I started on the big stuff in the 70's, tail end of the old era with rough old motors that had no air assistance of anything, no power steering, crash boxes and we roped and sheeted our loads often after hand balling 20 tons onto a flat deck in the pouring rain.
There was also little money in it unless you were born into the right family to get one of the few dead mans shoes jobs going, to make good money you worked all hours God sent and lived like a tramp...hence the old term tramping.
Fewer and fewer old school proper lorry drivers left out there, many of the newer drivers didn't come up through the ranks or the hard way, they used their redundancy money to get an easy well paid job as they saw it, and in some cases had their training paid for by the state.

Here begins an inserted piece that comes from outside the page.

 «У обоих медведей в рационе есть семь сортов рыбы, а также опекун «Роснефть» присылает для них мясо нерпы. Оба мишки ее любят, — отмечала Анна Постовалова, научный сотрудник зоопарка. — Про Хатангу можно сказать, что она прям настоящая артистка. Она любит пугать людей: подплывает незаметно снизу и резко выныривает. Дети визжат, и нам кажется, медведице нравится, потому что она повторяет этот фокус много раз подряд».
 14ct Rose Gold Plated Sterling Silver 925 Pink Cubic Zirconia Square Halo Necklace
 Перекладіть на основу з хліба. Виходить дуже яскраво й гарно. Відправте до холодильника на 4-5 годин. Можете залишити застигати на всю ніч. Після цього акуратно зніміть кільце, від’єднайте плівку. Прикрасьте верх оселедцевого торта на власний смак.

Many started driving trucks when it became easy, and don't have any pride in their job or their courteous treatment of other road users, and use the vehicle as a weapon in many cases to bully their way about.
Not all obviously and there's some decent people still doing the job, but a badly driven truck stands out a mile and we all get tarred with the same brush.

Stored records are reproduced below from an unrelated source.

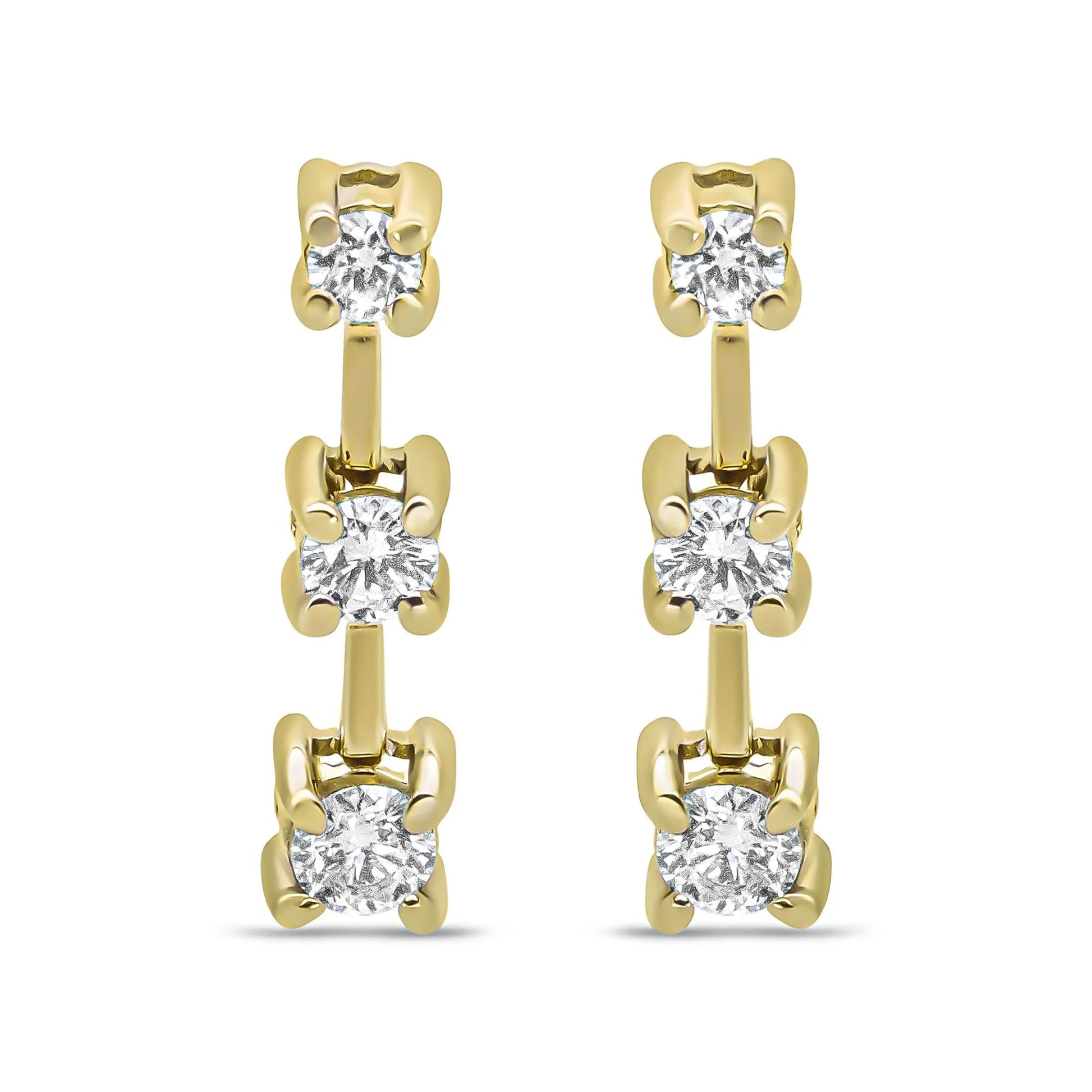 This fabulous three stone diamond earrings are set in a graduating design that align with the smallest stone at the top and the largest at the bottom in the ascending order of size. The three stone drop is a symbolism of one's past, present and future. This can relate to your own personal journey or tie in with a couple to represent their past commitment, present bond and future promises. The diamonds in this piece show off from prong settings, accompanied by genuine 14k yellow gold, a metal that will stay tarnish free for years to come. The diamonds total 1/2 cttw and are of an approximate J-K Color and SI1-SI2 Clarity. These pierced earrings secure in the ears via screw on findings and they feature an approximate dangle drop of .6 inches off of the ear. Earrings under 3/4 cttw have pushback findings for a secure fit and earrings over 3/4 cttw come with screw backs.
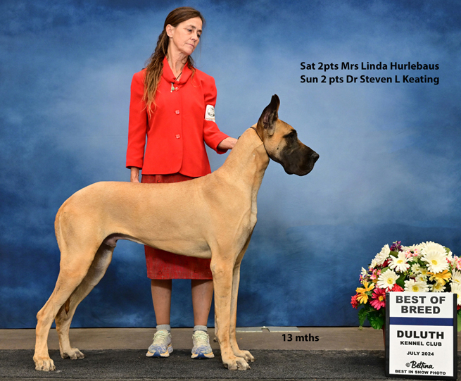 Sire: GChB Droghedas Sun Glazed Denali AOM OFA Good Hclr Ec TgAAneg fn X
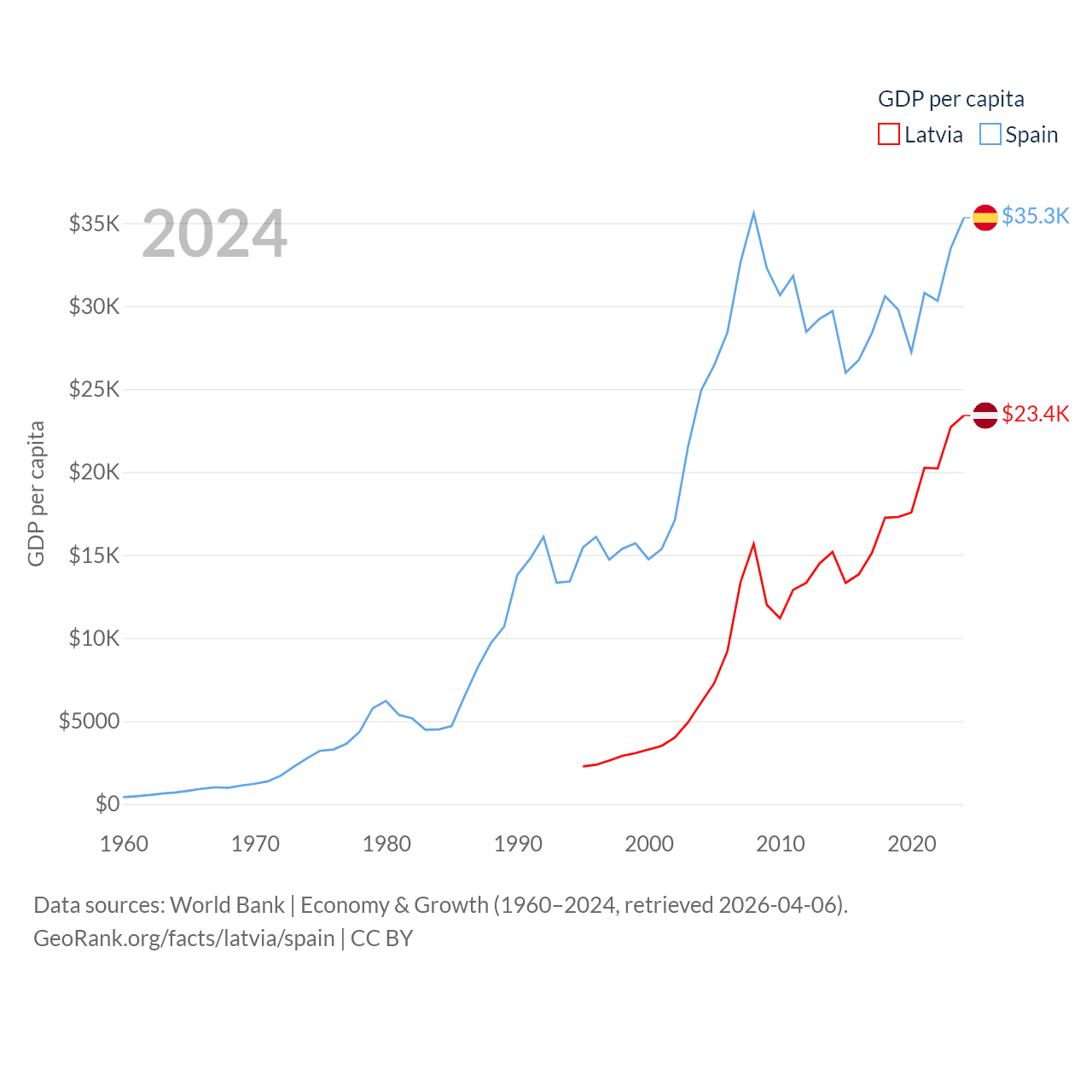 By GDP, Latvia ranks 99/197 ($43.7B) and Spain ranks 15/197 ($1.73T). By GDP per capita, Latvia ranks 54/197 ($23,409), while Spain ranks 32/197 ($35,327).

I suppose the standards of behaviour only reflect the standards of behaviour of car/bike/bus drivers and indeed pedestrians as thats what many present truck licence holders were but a few months previously, courtesy long gone and maybe seen as weakness by some, accidentally jostle someone in the street/pub where it would have been a mutual 'sorry' is now possibly a reason for someone to get violent, same on the road.

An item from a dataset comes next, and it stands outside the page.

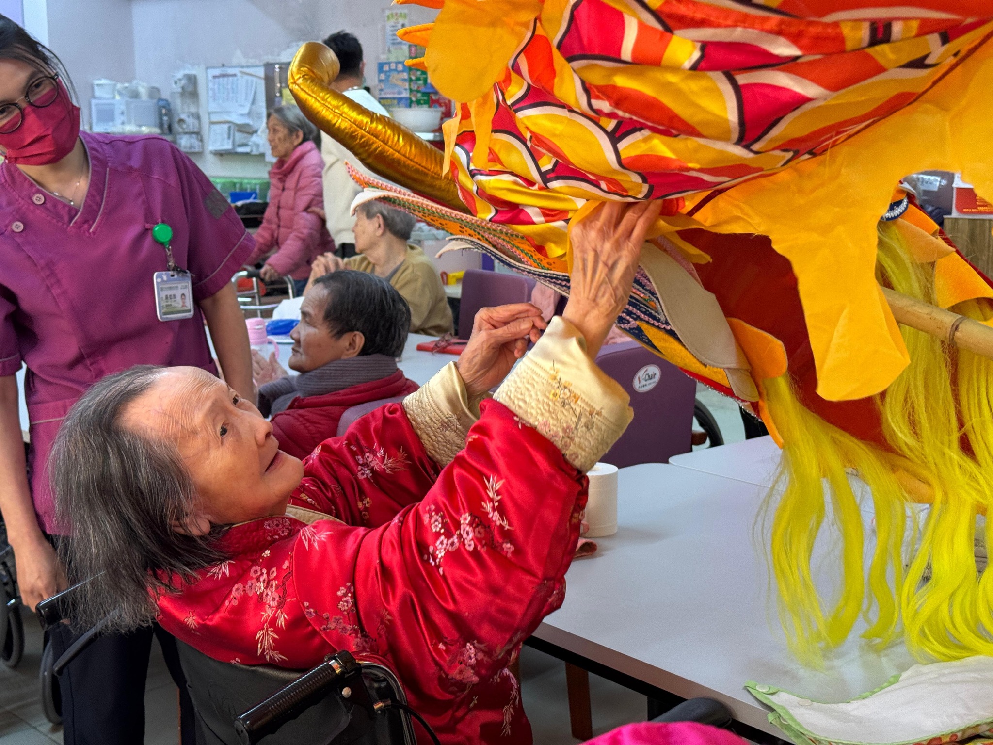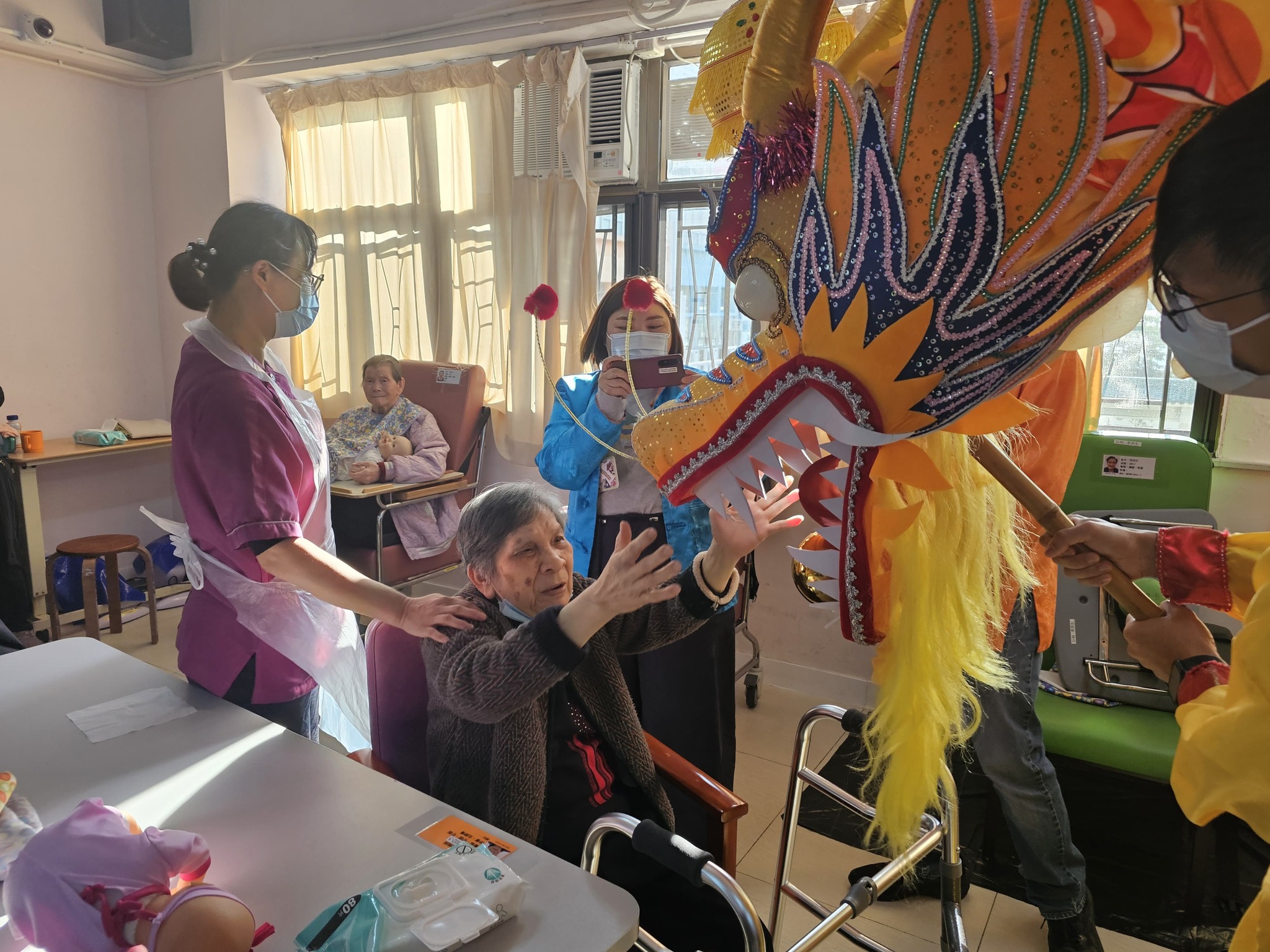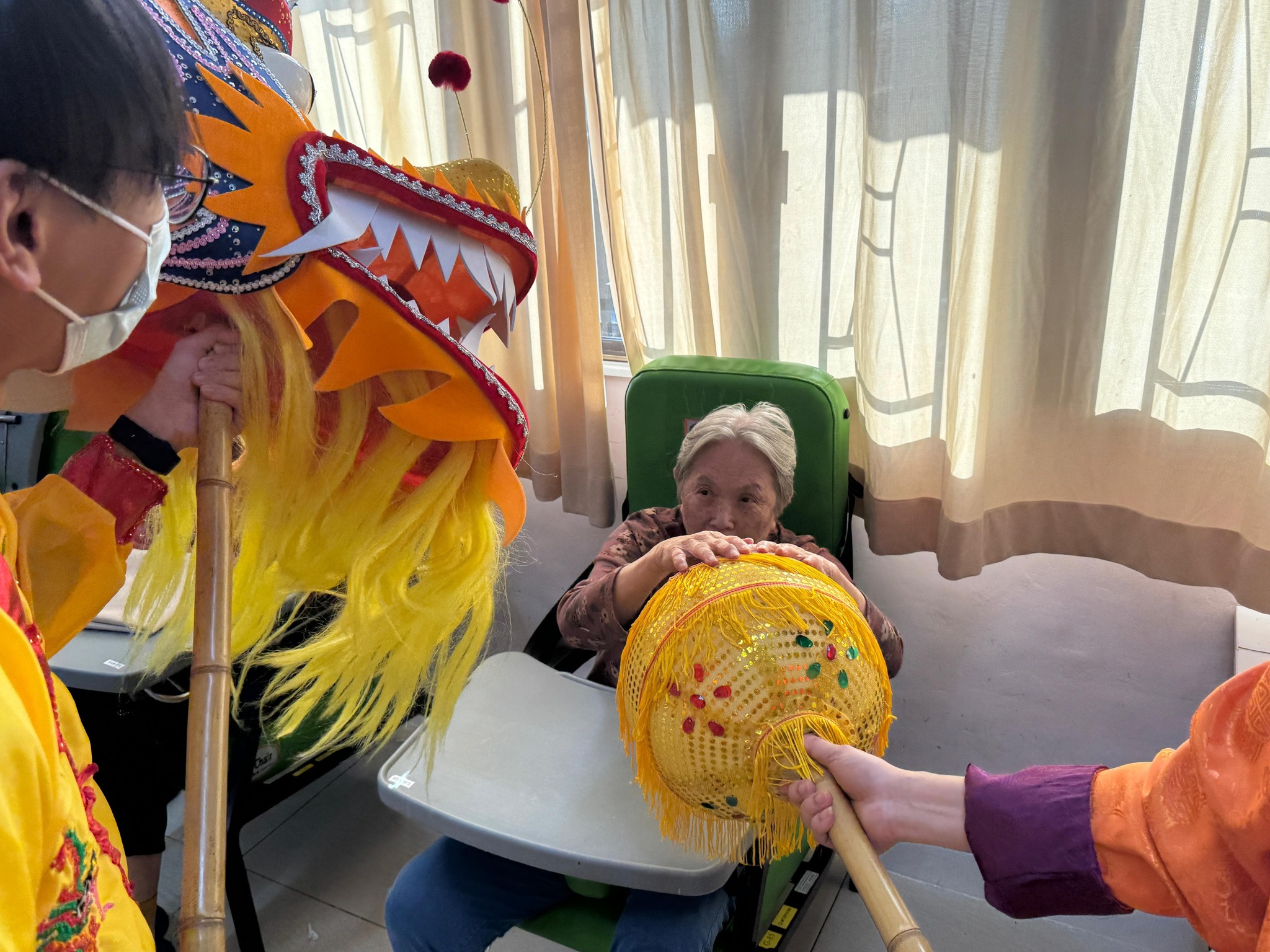 金狂舞春添彩,玉樹臨風喜滿門 農曆新年期間,本院職員親身上陣為長輩進行舞龍表演 金黃色的長龍在陣陣鏗鏘有力的樂聲襯托下,在樓層內翻騰起舞,神態威武且動作多變,長輩們都紛紛伸手摸摸龍頭、摸摸龍身,盼望來年風調雨順、如意吉祥
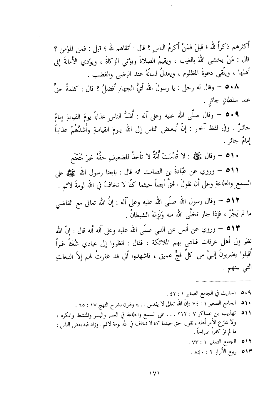 «511» - وروي عن عبادة بن الصامت انه قال: بايعنا رسول الله صلّى الله عليه وسلم على السمع والطاعة وعلى أن نقول الحقّ أيضا حيثما كنّا لا نخاف في الله لومة لائم.

Car drivers courtesy is disappearing too, make room, put yourself out for several car drivers and the chances are the driver of the 5 series Beemer is the only one likely to acknowledge, yes i find BMW drivers to be among the most courteous on the road.
Situation, following a line of traffic t'other day behind a tractor, the tractor driver pulled into a clearing to allow us to go by, mine was the only toot of the hooter heard and mine the only hand i saw raised in thanks, reciprocated by the surprised chap.
Courtesy and manners cost nothing and has it's own rewards, i doubt we'll see it's resurgence, but the odd times encountered are a treat.